Where we did find fertile territory was in the beating capitalist heart of Hong Kong. Investments in China’s largest indigenous fast-food chain Café de Coral and Li Ka-Shing’s Hong Kong Electric were made alongside bright, capable managers exploiting good opportunities. But these opportunities were limited both in scope and in number. I remember being surprised at how difficult it was to find high-potential investment opportunities in an economy that was growing in excess of 10% per year.
It sure would be nice if planeloads of wealthy Chinese consumers would show up and bolster earnings for our resort operators, and it would be nice if booming demand for resources from China turned around the fortunes of our forest industry and sent metal producers into overdrive. And while I do believe China will be a positive factor through 2011 for many Vancouver businesses, my view on China over the next three to five years is much more cautious.
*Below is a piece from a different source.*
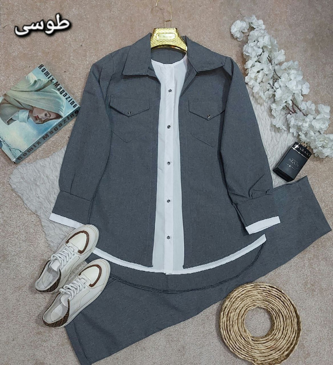 ✅این کار سه تیکه میباشد که تیکه شومیز به لباس از قسمت جلو متصل میباشد و می تونید به عنوان یک ست کامل از اون استفاده کنید✅
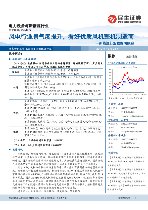 【民生证券】【20191028】20191028-民生证券-新能源行业数据周跟踪:风电行业景气度提升,看好优质风机整机制造商-11页

My reasons for concern are varied. China’s export boom cannot be sustained unless the capital currently deployed earns a fair return, something that appears unlikely at this juncture. China’s single-child policy has created one of the most top-heavy population pyramids this side of Japan, which will drag on future growth. A bursting property bubble, although apparently contained to a handful of big cities, is a further headwind. Given that housing prices in Shanghai and Beijing are now as much as 25-times average income in those cities, a China housing bust could be spectacular.
Offsetting these problems is the large U.S.-dollar cash pile China has amassed in its attempt to control its currency. China also has a smart and well-trained workforce that is paid much less than the real value of its labour. The currency is undervalued and should appreciate. The outlook is not all bad, in my view. But neither is it bullet-proof.
Should you bet your business on China trade in 2011? Perhaps. But only if it makes sense in your market niche.